The Lost Decade has also had dramatic political consequences, and impacts on civil and political rights. The economic crisis was seized on by ideologues to strangle the state and downsize democracy; while the accumulated harm subsequently wrought by austerity caused deep disaffection with the political process and democracy among those most affected. In several countries, this disaffection has been cynically manipulated by authoritarian, ethno-nationalist political figures with distinctly anti-rights agendas. More than 89 countries declined in their Democracy Index score since 2016 alone, the worst performance since 2010- 11 in the aftermath of the global economic and financial crisis.
CESR’s in-depth and ongoing work on austerity in particular countries, for example Spain, Egypt, Brazil and South Africa, has consistently brought to light similar, far-reaching impacts at the national level. Our work in the ten years since the financial crisis has stressed that austerity is not only untenable and counter-productive, but also that its premise is full of “fiscal fallacies.” Austerity is an unjust and unnecessary policy choice, given a whole spectrum of feasible fiscal and monetary alternatives. Indeed, a host of international and regional human rights bodies have now repeatedly found that austerity is inimical to States’ human rights obligations, thanks in part to prompting and evidence from CESR and partners.

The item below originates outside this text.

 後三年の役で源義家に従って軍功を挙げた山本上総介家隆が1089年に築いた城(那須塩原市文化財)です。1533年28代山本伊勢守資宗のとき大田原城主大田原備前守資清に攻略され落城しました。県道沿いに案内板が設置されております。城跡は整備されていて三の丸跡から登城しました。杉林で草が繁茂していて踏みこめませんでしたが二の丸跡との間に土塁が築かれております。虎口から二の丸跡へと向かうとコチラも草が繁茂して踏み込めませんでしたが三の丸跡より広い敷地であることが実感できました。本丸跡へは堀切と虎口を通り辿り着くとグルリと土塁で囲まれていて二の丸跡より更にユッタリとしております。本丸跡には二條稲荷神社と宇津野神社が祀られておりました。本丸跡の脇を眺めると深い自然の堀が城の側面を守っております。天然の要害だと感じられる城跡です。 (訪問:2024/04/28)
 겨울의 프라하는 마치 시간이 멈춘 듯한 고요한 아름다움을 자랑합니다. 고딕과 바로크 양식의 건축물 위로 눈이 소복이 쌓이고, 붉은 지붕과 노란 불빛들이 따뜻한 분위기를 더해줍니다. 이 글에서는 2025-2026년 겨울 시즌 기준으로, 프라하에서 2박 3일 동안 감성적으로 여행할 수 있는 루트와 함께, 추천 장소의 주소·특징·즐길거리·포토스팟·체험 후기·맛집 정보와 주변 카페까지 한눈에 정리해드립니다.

During 2018, the 10th anniversary of the financial crisis, CESR has undertaken a series of events and activities to highlight the impacts of austerity and its alternatives—taking our rights-based arguments against austerity beyond the human rights sphere and into the realm of economic and development decision-making. For example, we shone a light on the human rights impacts of austerity at the International Monetary Fund Spring Meetings with our Brazil partners INESC; we underlined the fundamental incompatibility of austerity and the SDGs at the UN High Level Political Forum, marshalling evidence from around the world; we pioneered new guidance on how to conduct human rights impact assessments of austerity, and we presented compelling evidence to the UN Committee on Economic, Social and Cultural Rights that South Africa’s austerity measures are violating its rights obligations.

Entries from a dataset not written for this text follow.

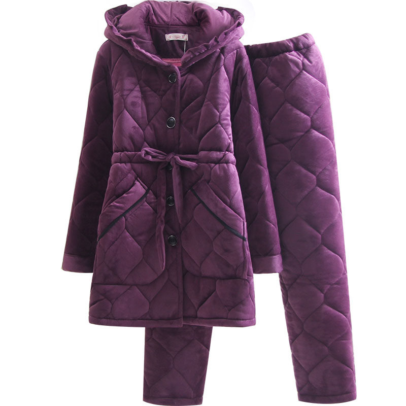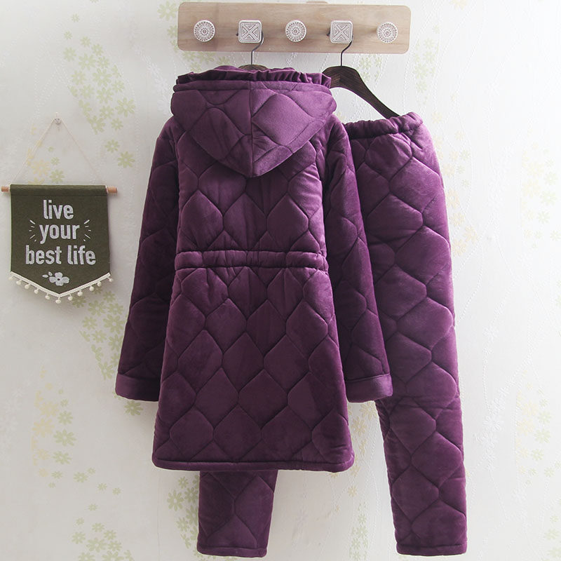 Solid color winter mid-length thickened coral fleece quilted hooded pajamas middle-aged mother confinement clothes pregnant women home clothes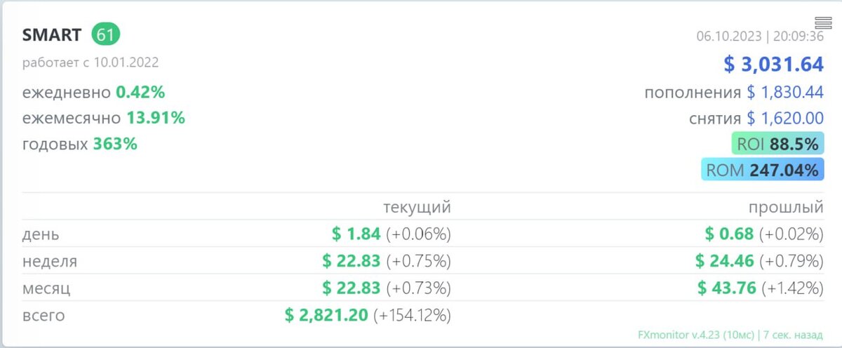 💰 +2821$(+285000р) или +154.1% к депозиту на полном пассиве принес робот Smart за 1 год 8 месяцев Такой интересный кейс партнера. Причем тело депозита выведено, робот работает только на % и это значит что риски у партнера уже нулевые. Вот такие цифры получаются на дистанции, по стратегии с минимальными рисками.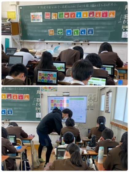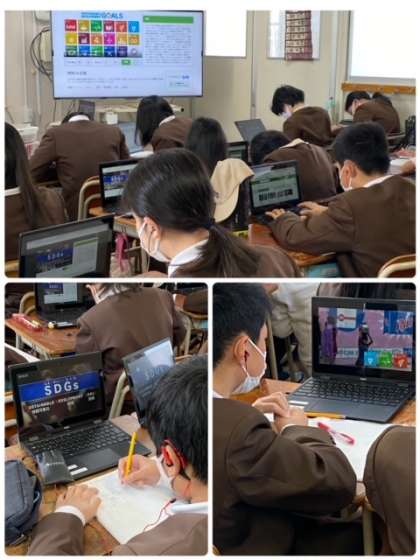 SDGsについて、自分たちで一人一台学習者用端末を活用して、ノートにまとめています。

The year also brought good news: a new government reversed one of Spain’s most draconian post-crisis measures, the denial of public healthcare to undocumented migrants. This happened after years of campaigning by civil society groups, including CESR, and subsequent calls for its repeal by human rights bodies. More and more human rights mechanisms have begun to denounce austerity in a variety of Global South and North contexts. For example, the UN Committee on Economic, Social and Cultural Rights recently interrogated austerity in Argentina and South Africa; while the UN Special Rapporteur on extreme poverty and human rights issued scathing preliminary findings on austerity in the UK. CESR continues to work with our partners at the national, regional and global levels to turn the tide against austerity: reveal the cracks in its logic, document its terrible human consequences, and promote rights-based alternatives.